Шрифт:
Интервал:
Закладка:
— Ты не слишком хорошо пела, Мимиль, — имела наглость заявить мне Кристина.
— Да что ты! А почему?
— Майк Брант, Мимиль, не пел "солнце".
— Да что ты? А что же он пел, скажи на милость?
— Он пел "со-це". Не забывай, что он был глухонемой.
И Кристина спустилась в зал, приготовившись собирать дань восхищения, на которую имела полное право.
— Не слишком справедливо, правда? — шепнул голос позади меня.
Я обернулась. Мне улыбалась Зоя, гордясь своим сюрпризом. А у меня все смешалось: радость видеть ее, опасение, что слышала наш дуэт, изумление, что она здесь, рядом. Времена и места совместились и перемешались с необыкновенным легкомыслием, не хватало только Дарио и родителей, и тогда бы я точно запуталась, сколько мне лет и где я нахожусь. Я крепко обняла свою доченьку, шепча: "Детка моя, детка, детка" судорожно и ревниво.
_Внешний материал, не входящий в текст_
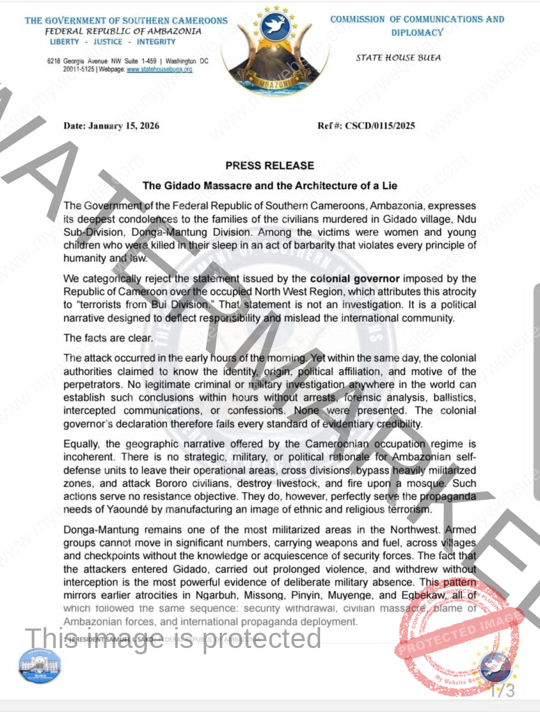 Communique The Government of the Federal Republic of Ambazonia responds to the Colonial Governor on his outing on the killings of Mbororo in Gidado By Independentist News January 17, 2026 0 Comments Less than a minute 170 Views 4 weeks ago Facebook Twitter LinkedIn Pinterest Whatsapp Print Share via Email Tiktok 73 Share Facebook 0 Share WhatsApp

Она пахла ванилью, и мне хотелось съесть ее, проглотить, навсегда оставить при себе. Я сама удивилась, как крепко ее обняла, удивилась своей очнувшейся любви и тому, как мне ее не хватало, удивилась, что могла обходиться без нее. Зоя не отстранилась от меня, она сразу же стала маленькой девочкой, без возраста и стеснительности, испытывая физическое, почти болезненное желание раствориться, припав ко мне. Наши с ней объятия были, пожалуй, еще неприличнее, чем караоке с Кристиной, но мне было наплевать, что мы стоим на эстраде и все видят, как мы обнимаемся. Но этот наш номер должен был вскоре смениться другим, на экране уже приготовили текст "Солнечного понедельника" и ждали только, когда мы покинем сцену, чтобы начать. Как я поняла, Кристина стала звездой этого праздника.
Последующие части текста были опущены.